Altın ve gümüşü; yani parayı ve serveti biriktirip Allah yolunda harcamayanlardan maksat yalnızca Ehl-i Kitap din adamları değildir; kim olursa olsun bunu yapıyor, servetin devlete ve topluma olan borcunu ödemiyorsa bu tüyler ürperten tehdidin hedefidir. Burada dikkat isteyen iki nokta tasarruf ve harcama ile ilgilidir. Meşru bir amaçla para ve servet biriktirmek, serveti israf etmemek (tasarruf) yasak değil, gereklidir; menedilen, hoş görülmeyen ise amaçsız biriktirme ve/veya gerektiği gibi harcama yapmaktan (infak) geri durmaktır. Gerektiği gibi harcama yapmaktan maksat ise bir yandan servetin devlete ve topluma olan borçlarını (zekat, vergi vb.) ödemek, diğer yandan sahibinin ve toplumun menfaati için serveti sermaye yaparak yatırım ve üretime sarf etmektir.

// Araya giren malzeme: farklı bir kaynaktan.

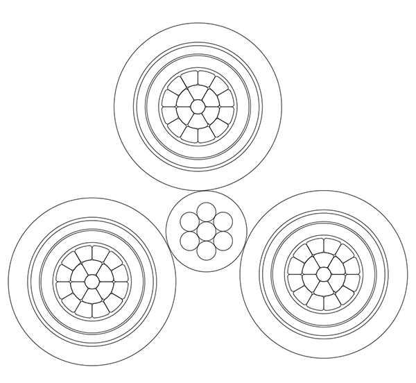 Assembly: Three XLPE insulated screened cores are bundled around the galvanized steel wires in a right hand lay.
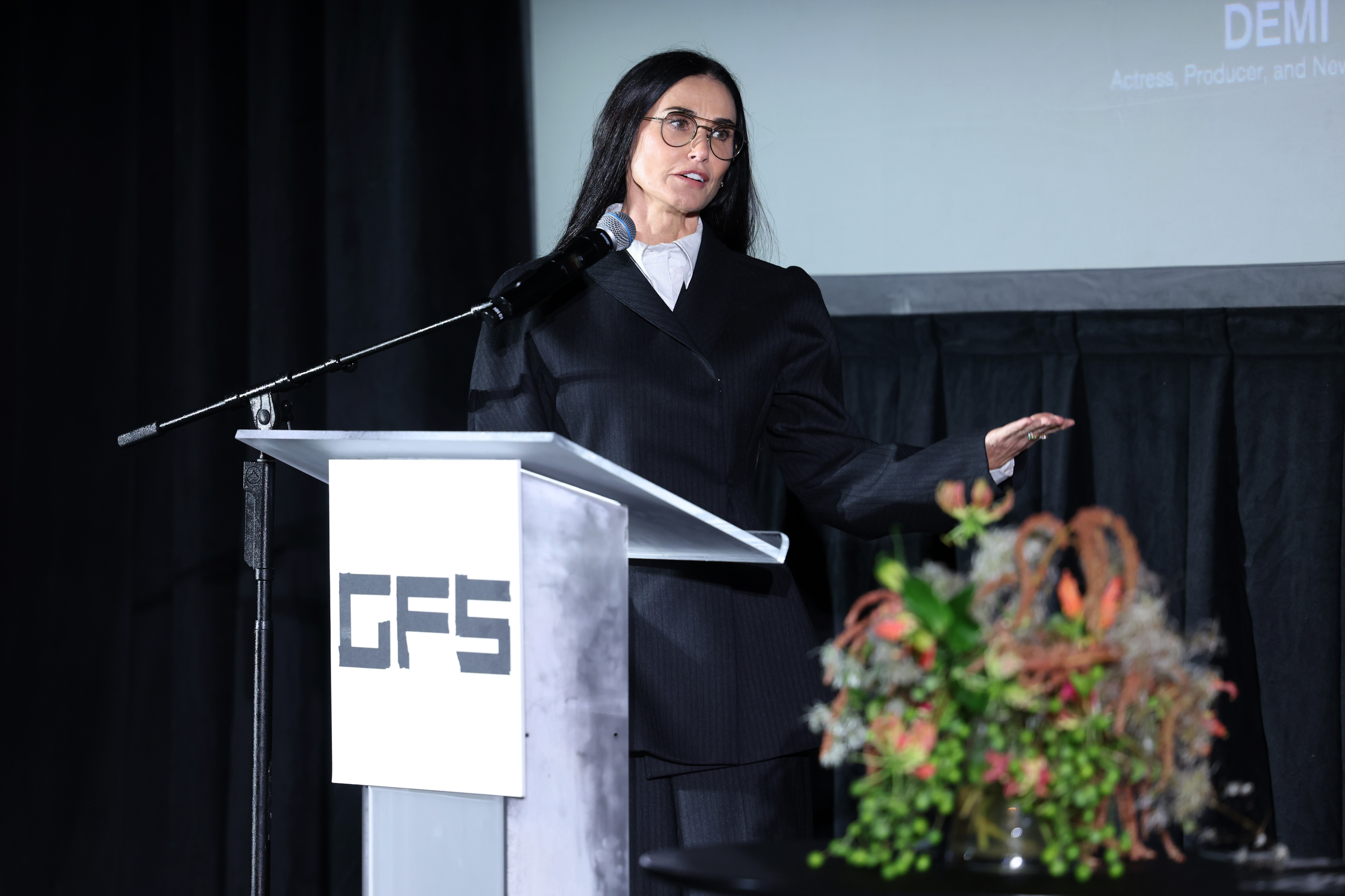 După câteva săptămâni pline de promovare a noului ei film, The Substance, Demi Moore, în vârstă de 61 de ani, a participat la Ghetto Film School Fall Benefit pe 10 octombrie într-un alt look șic creat de colaboratorul ei de lungă durată Brad Goreski.

İslam tarihinde para ve servet biriktirmenin caiz olup olmadığı konusu tartışılmıştır. Buhârî'nin nakline göre sahâbeden Ebû Zer (r.a.) Şam'da bulunurken Muâviye ile bu konuda farklı yorumları oluyor. Muâviye yasaklanan biriktirmenin Ehl-i Kitab'a ait olduğunu söykerken Ebû Zer, “Hayır, yasak ve tehdit hem onlar hem de bizim için geçerlidir, kişinin ihtiyacından fazlasını biriktirmesi caiz değildir” diyor. Muâviye onu Halîfe Osman'a (r.a.) şikayet ediyor, Hz. Osman da Ebu Zerr'i Medîne'ye çağırıyor. Medîne'de halk onun etrafında toplanmaya, onu dinlemeye ve konuyu tartışmaya başlıyor. Ebu Zer bir fitneye sebep olmaktan çekinerek durumu Hz. Osman'a arzedince, “İstersen buradan yakın bir yere git” tavsiyesinde bulunuyor, o da Rabeze'ye gidip orada yaşamaya devam ediyor ve “Başıma bir siyâhîyi başkan yapsalar ona da itaat ederim” diyor.
Müfessir Kurtubî'nin Ebu Zerr'in görüşü ile ilgili şu yorumu da güzeldir:
“Darlık, kriz, olağan dışı haller sebebiyle toplum para ve servetin harcanmasına ihtiyaç duyduğunda bu ihtiyacı giderecek kadar harcama yapılması gerekir ve ihtiyaca rağmen parayı yastık altında tutmak caiz olmaz; normal hallerde ise servetin zekâtı ve diğer hakları ödendiği sürece biriktirmede sakınca bulunmaz.”